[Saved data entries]
%%

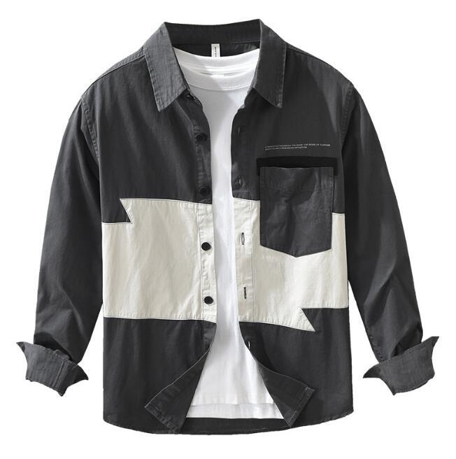 新作 シャツジャケット 春秋 長袖シャツ メンズ ワークシャツ カーゴ 切替 カジュアル コットン トップス グレー 3XL
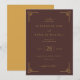 Diese elegante Hochzeitseinladung zeigt einen tief-marroten Hintergrund mit goldenen geometrischen Rändern, wodurch eine fortschrittliche und formelle Ästhetik entsteht. Das Design umfasst eine Mischung aus Serif-, Sans-Serif- und Skript-Schriftarten in Gold, was die Lesbarkeit und visuelle Attraktivität erhöht und gleichzeitig eine festliche Atmosphäre beibehält. Anpassbare Textfelder ermöglichen eine Personalisierung, wodurch sie perfekt für Paare ist, die ihrem besonderen Tag ihre eigene Note verleihen möchten. Die allgemeine Stimmung ist eine von Eleganz und Raffinesse, ideal für eine unvergessliche Hochzeitszeremonie.
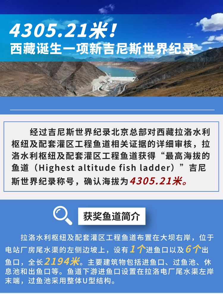 拉洛水利樞紐及配套灌區(qū)工程魚道獲得“最高海拔的魚道(Highest altitude fish ladder)”吉尼斯世界紀(jì)錄稱號,確認(rèn)海拔為4305.21米。 [詳細(xì)]
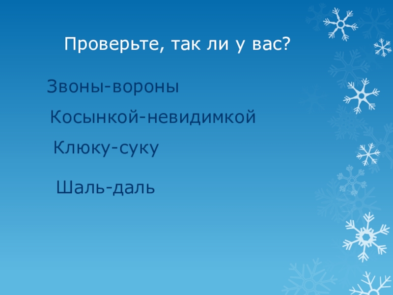 Проверьте, так ли у вас?Звоны-вороныКосынкой-невидимкойКлюку-сукуШаль-даль
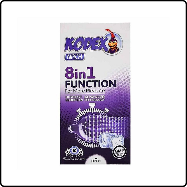 کاندوم کدکس ۸ در ۱ محصولی از برند خوشنام Kodex است که با طراحی چندمنظوره، مجموعهای از ویژگیهای تاخیری، خاردار، شیاردار، گرمکننده، روانکننده و تحریککننده را در خود جای داده است.
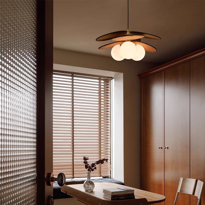 Dieser retro-inspirierte Kronleuchter verfügt über ein handgefertigtes Raffia- und Glas-Oval-Globus-Design in einem warmen Walnuss-Ton, perfekt für Schlafzimmer, Essbereiche oder Treppenhäuser. Mit Optionen für 1 oder 3 Lichter verleiht er jedem Innenraum Vintage-Eleganz und natürliche Textur.
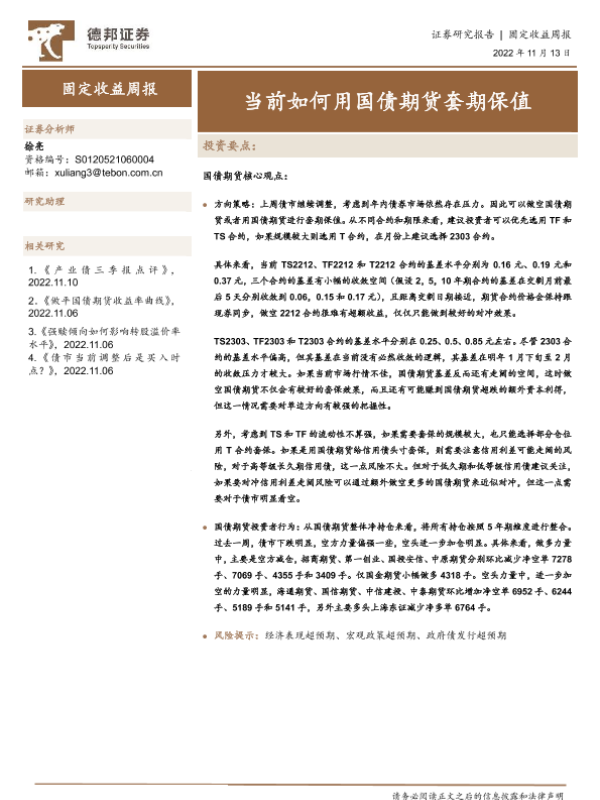 【德邦证券】【20221113】固定收益周报:当前如何用国债期货套期保值-17页
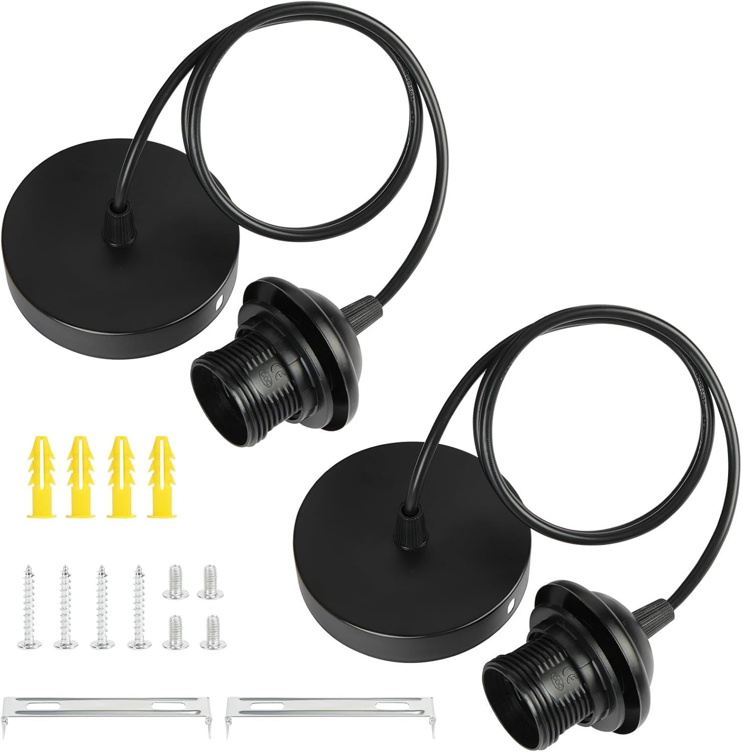 AUAUY 2 Pack Black Pendant Light Fitting, E27 Lamp Holder for Ceiling Pendant Li
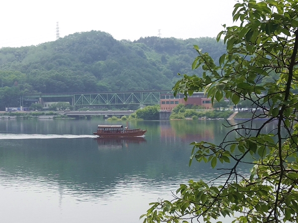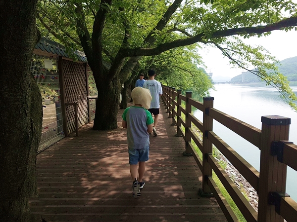 아이들이 산길을 산책하고 싶다고 하여 오른쪽으로 방향을 돌려 숲길을 걸었습니다. 10분쯤 걸었을까 아이들이 시원한 음료를 먹고 싶다고 하여 발을 돌렸는데 강물을 따라 배 한척이 지나갔고 하늘에는 새가 줄지어 가는 풍경을 보니 너무 한결 편안해졌습니다.

%%

For every entry above, write it out exactly and remove any image.

 新作 シャツジャケット 春秋 長袖シャツ メンズ ワークシャツ カーゴ 切替 カジュアル コットン トップス グレー 3XL
 Diese elegante Hochzeitseinladung zeigt einen tief-marroten Hintergrund mit goldenen geometrischen Rändern, wodurch eine fortschrittliche und formelle Ästhetik entsteht. Das Design umfasst eine Mischung aus Serif-, Sans-Serif- und Skript-Schriftarten in Gold, was die Lesbarkeit und visuelle Attraktivität erhöht und gleichzeitig eine festliche Atmosphäre beibehält. Anpassbare Textfelder ermöglichen eine Personalisierung, wodurch sie perfekt für Paare ist, die ihrem besonderen Tag ihre eigene Note verleihen möchten. Die allgemeine Stimmung ist eine von Eleganz und Raffinesse, ideal für eine unvergessliche Hochzeitszeremonie.
 拉洛水利樞紐及配套灌區(qū)工程魚道獲得“最高海拔的魚道(Highest altitude fish ladder)”吉尼斯世界紀(jì)錄稱號,確認(rèn)海拔為4305.21米。 [詳細(xì)]
 Проверьте, так ли у вас?Звоны-вороныКосынкой-невидимкойКлюку-сукуШаль-даль
 کاندوم کدکس ۸ در ۱ محصولی از برند خوشنام Kodex است که با طراحی چندمنظوره، مجموعهای از ویژگیهای تاخیری، خاردار، شیاردار، گرمکننده، روانکننده و تحریککننده را در خود جای داده است.
 Dieser retro-inspirierte Kronleuchter verfügt über ein handgefertigtes Raffia- und Glas-Oval-Globus-Design in einem warmen Walnuss-Ton, perfekt für Schlafzimmer, Essbereiche oder Treppenhäuser. Mit Optionen für 1 oder 3 Lichter verleiht er jedem Innenraum Vintage-Eleganz und natürliche Textur.
 【德邦证券】【20221113】固定收益周报:当前如何用国债期货套期保值-17页
 AUAUY 2 Pack Black Pendant Light Fitting, E27 Lamp Holder for Ceiling Pendant Li
 아이들이 산길을 산책하고 싶다고 하여 오른쪽으로 방향을 돌려 숲길을 걸었습니다. 10분쯤 걸었을까 아이들이 시원한 음료를 먹고 싶다고 하여 발을 돌렸는데 강물을 따라 배 한척이 지나갔고 하늘에는 새가 줄지어 가는 풍경을 보니 너무 한결 편안해졌습니다.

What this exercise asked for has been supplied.